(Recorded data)
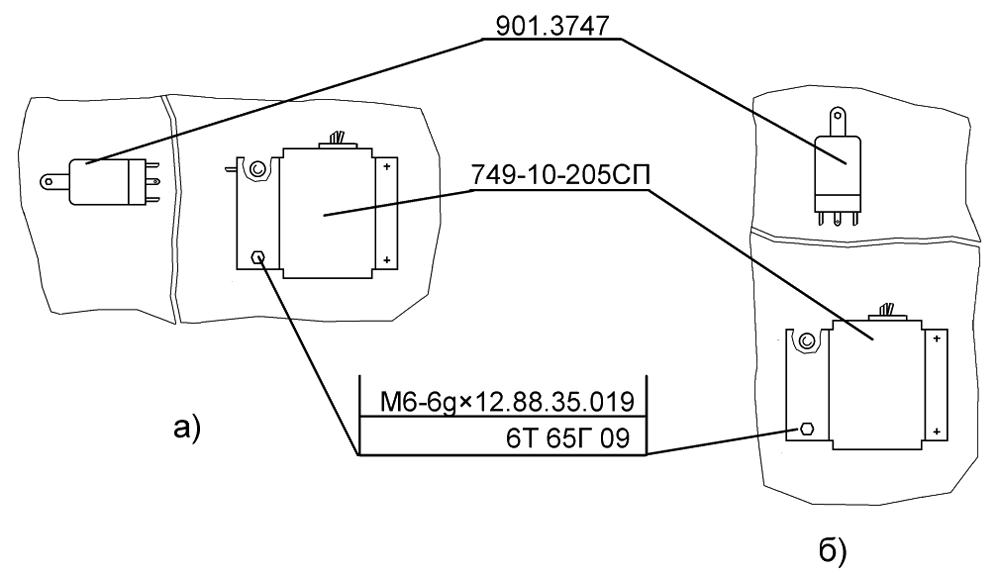 • на задней стенке кабины под реле 901.3747, рис. б) - для трактора ДЭТ-250М2.
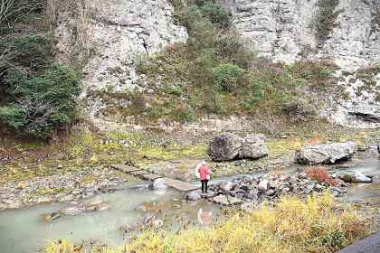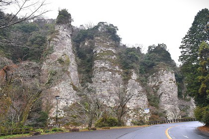 県道655線をさらに北上し、田染「真木大堂」を過ぎた直後の十字路を右折して県道34号線(豊後高田安岐線)に進む。 桂川沿いの景色となりながら約1km後「あっ、あれだ!」高い岩峰群が現れ絶景の駐車地に到着。
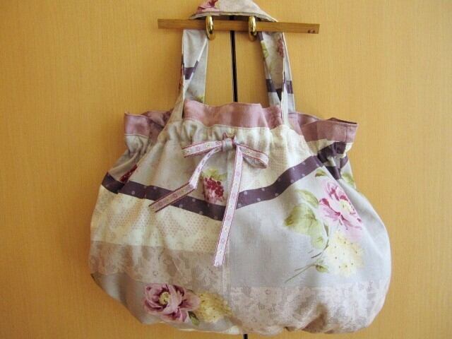 完成品☆パープルローズのギャザーバッグ★
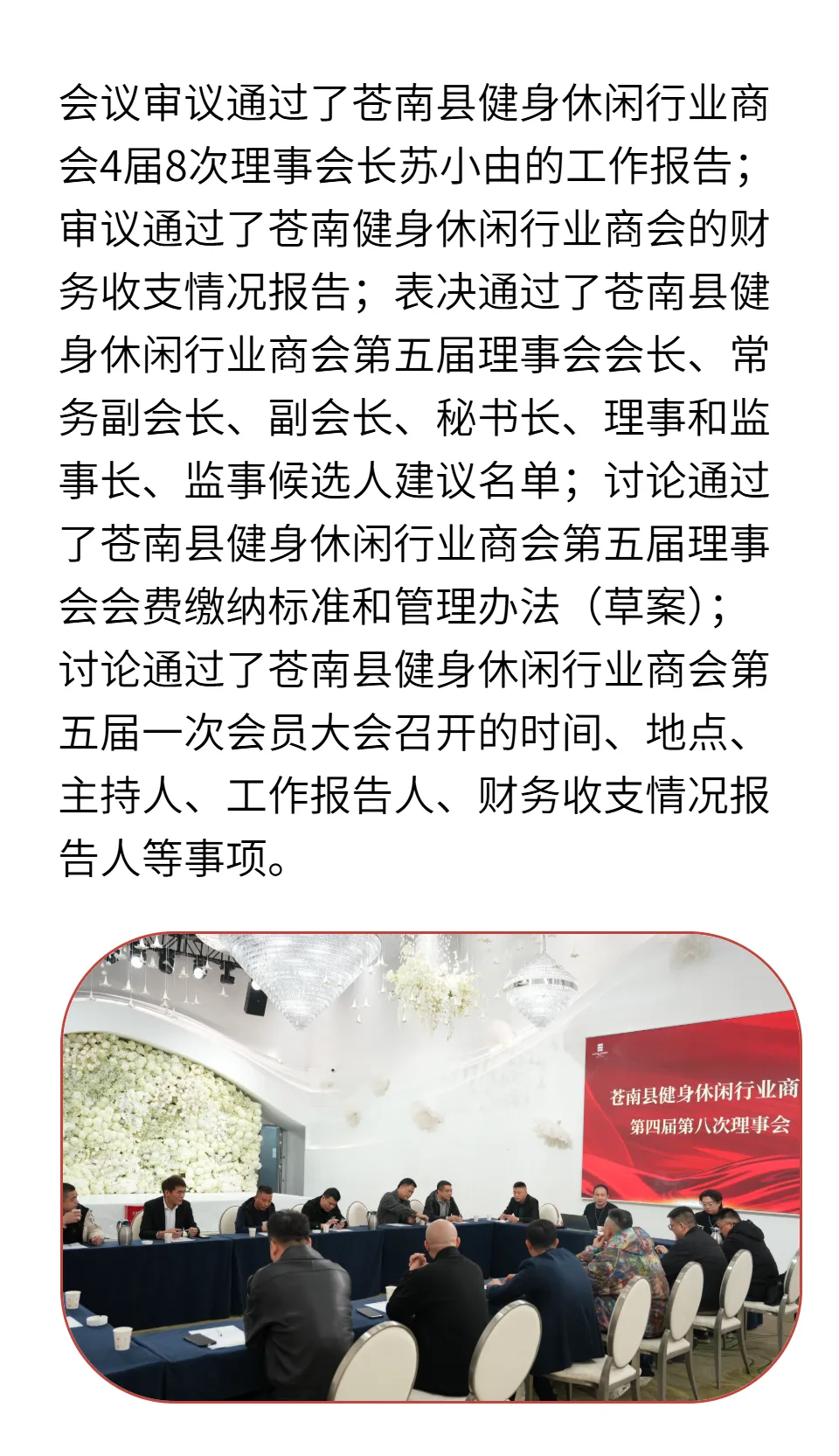 >苍南县健身休闲行业商会第四届第八次理事大会圆满成功
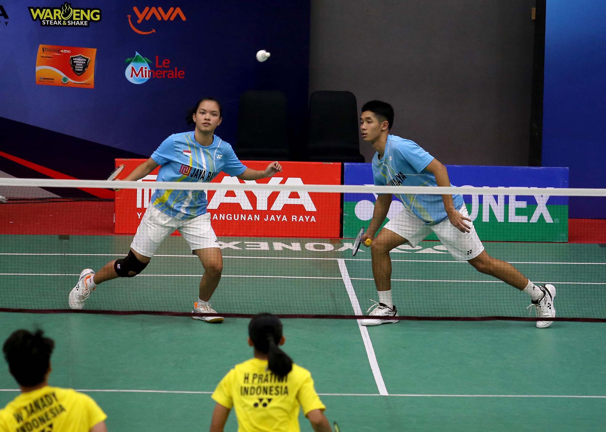Aksi Adrian Pratama-Ariella Naqiyyah atlet Ganda Campuran Jaya Raya U19 Yonex Sunrise Pembangunan Jaya Raya Junior Internasional Grand Prix 2023. Gor Jaya Raya Bintaro, Tangerang Selatan 20/7/2023
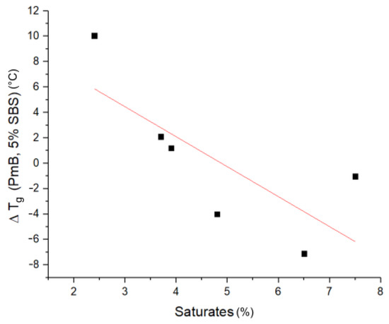 Glass transition temperature (T): In Table 2, the glass transition temperatures of the crude bitumen and the polymer modified bitumen can be seen, while in Figure 9, the difference in the low temperature glass transition of the crude bitumen and the respective PmBs (T) is depicted. Low saturate content leads to an increased T of PmB compared to crude bitumen. This can be explained by the saturates being incorporated into the the polymer-rich phase, leading to a bitumen-rich phase being depleted of low molecular weight components, which in turn increases the T of this phase [25]. Since the bitumen-rich phase is the matrix phase in these PmBs, this increases their T. At higher saturate content, a reduction of T is observed. This can be attributed to the polymer being swollen mainly by the saturate fraction. The polybutadiene section of the SBS polymer exhibits a lower T than the crude bitumen [22]. Therefore, since the polymer-rich phase is the matrix phase in these PmBs, their T is lower.

→ Exercise aim
Would you restate all of the data above word for word, omitting the pictures?

→ Written solution
 • на задней стенке кабины под реле 901.3747, рис. б) - для трактора ДЭТ-250М2.
 県道655線をさらに北上し、田染「真木大堂」を過ぎた直後の十字路を右折して県道34号線(豊後高田安岐線)に進む。 桂川沿いの景色となりながら約1km後「あっ、あれだ!」高い岩峰群が現れ絶景の駐車地に到着。
 完成品☆パープルローズのギャザーバッグ★
 >苍南县健身休闲行业商会第四届第八次理事大会圆满成功
Aksi Adrian Pratama-Ariella Naqiyyah atlet Ganda Campuran Jaya Raya U19 Yonex Sunrise Pembangunan Jaya Raya Junior Internasional Grand Prix 2023. Gor Jaya Raya Bintaro, Tangerang Selatan 20/7/2023
 Glass transition temperature (T): In Table 2, the glass transition temperatures of the crude bitumen and the polymer modified bitumen can be seen, while in Figure 9, the difference in the low temperature glass transition of the crude bitumen and the respective PmBs (T) is depicted. Low saturate content leads to an increased T of PmB compared to crude bitumen. This can be explained by the saturates being incorporated into the the polymer-rich phase, leading to a bitumen-rich phase being depleted of low molecular weight components, which in turn increases the T of this phase [25]. Since the bitumen-rich phase is the matrix phase in these PmBs, this increases their T. At higher saturate content, a reduction of T is observed. This can be attributed to the polymer being swollen mainly by the saturate fraction. The polybutadiene section of the SBS polymer exhibits a lower T than the crude bitumen [22]. Therefore, since the polymer-rich phase is the matrix phase in these PmBs, their T is lower.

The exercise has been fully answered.